Economics. School districts are required to provide bus service to students living beyond 1.5 miles of their school. The Oregon Department of Education then reimburses districts for 70% of these costs from the State School Fund. It will cost PPS $6 million to provide bus service to its 7,500 high school students living more than 1.5 miles from schools, costing taxpayers $4.2 million. Under the current BETC, the public cost of providing transit passes to all 13,000 students is $3.5 million, saving taxpayers $700,000 per year. Beyond raw cost-benefit, YouthPass has positive impacts for our regional economy. It allows students to attend schools of their choosing, including community college courses, and serves as an important educational and workforce development tool. Funding YouthPass makes simple economic sense.

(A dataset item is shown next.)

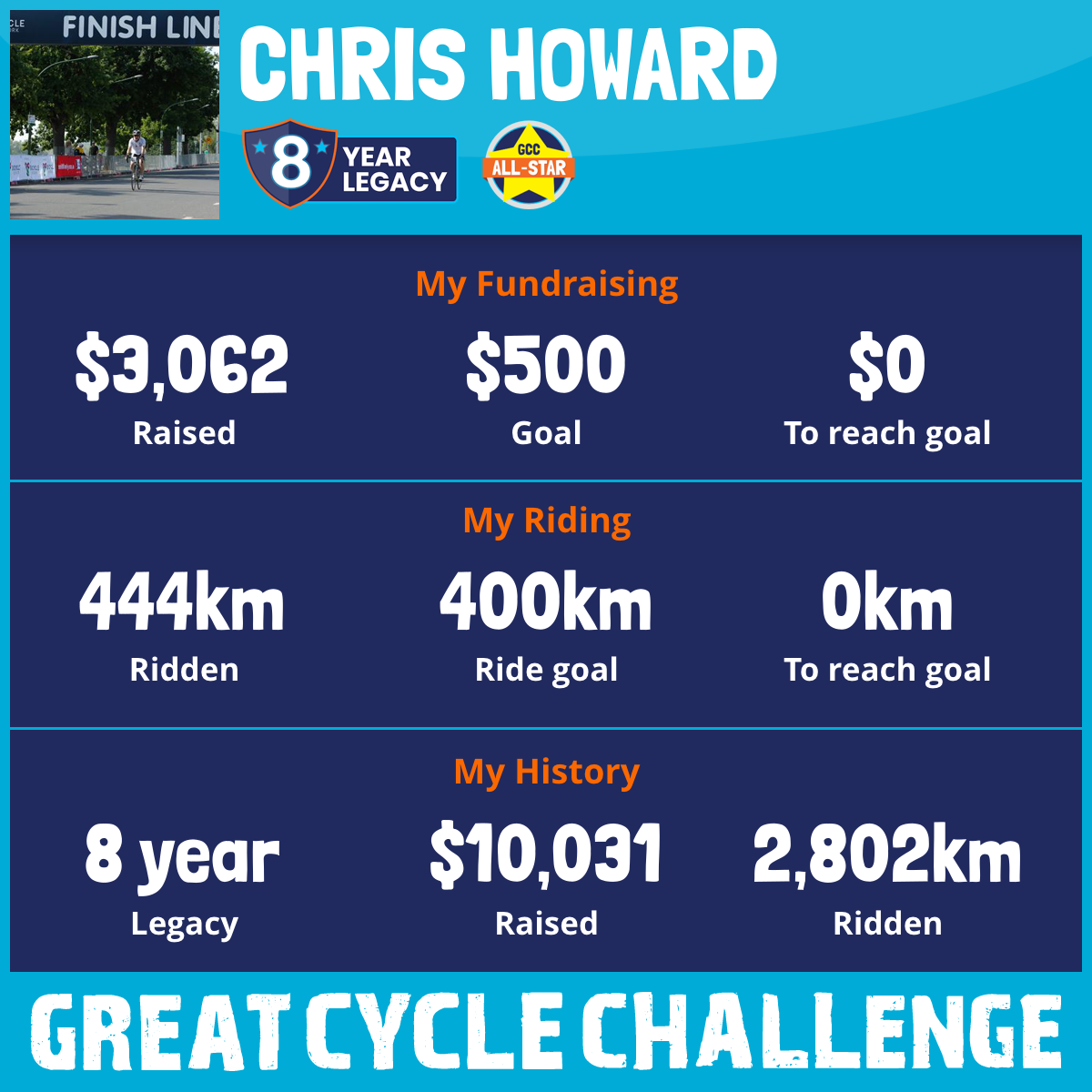 444 km Ridden$3,062 Raised2025

Environment. The Portland Metro region is facing an air toxics crisis, with many known air toxics exceeding health-based benchmarks, primarily from (on-road gasoline) transportation. It is no surprise that transportation emissions are greatest in freeway corridors where low-income families and people of color live in greater numbers, perpetuating an environmental injustice and health inequity. Transportation is also the leading cause of our state’s greenhouse gas emissions. Taking yellow buses off the road and capitalizing on existing public transit will help stem the tide of air toxics. Providing youth with the necessary incentives to embrace public transit as a viable commuting and lifestyle option – creating transit riders of the future – is the type of structural shift we need to combat climate change. Funding YouthPass is critical from an environmental stewardship and health perspective.

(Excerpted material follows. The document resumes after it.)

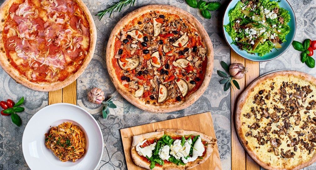 Sos pelati, Mozzarella, szynka Cotto, pieczarki, oliwki, papryka pieczona, karczochy. Rodzaj ciasta i sera do wyboru. Cena zawiera koszt opakowania.

Social Equity. YouthPass promotes equal access to opportunities for positive health outcomes for our students. Transit connects students to education, jobs, housing, healthy food options, social services and recreation. YouthPass means that, regardless of where you live, the color of your skin, or how much money your family has, you have the freedom of mobility and opportunity. According to a 2009 PPS survey, only 44% of students used TriMet to get to school prior to YouthPass, versus 80% that used TriMet frequently or everyday once the YouthPass program was established. Ridership is highest in schools serving the most low-income students of color where transit options are fewest. Funding YouthPass reinforces our commitment to social equity.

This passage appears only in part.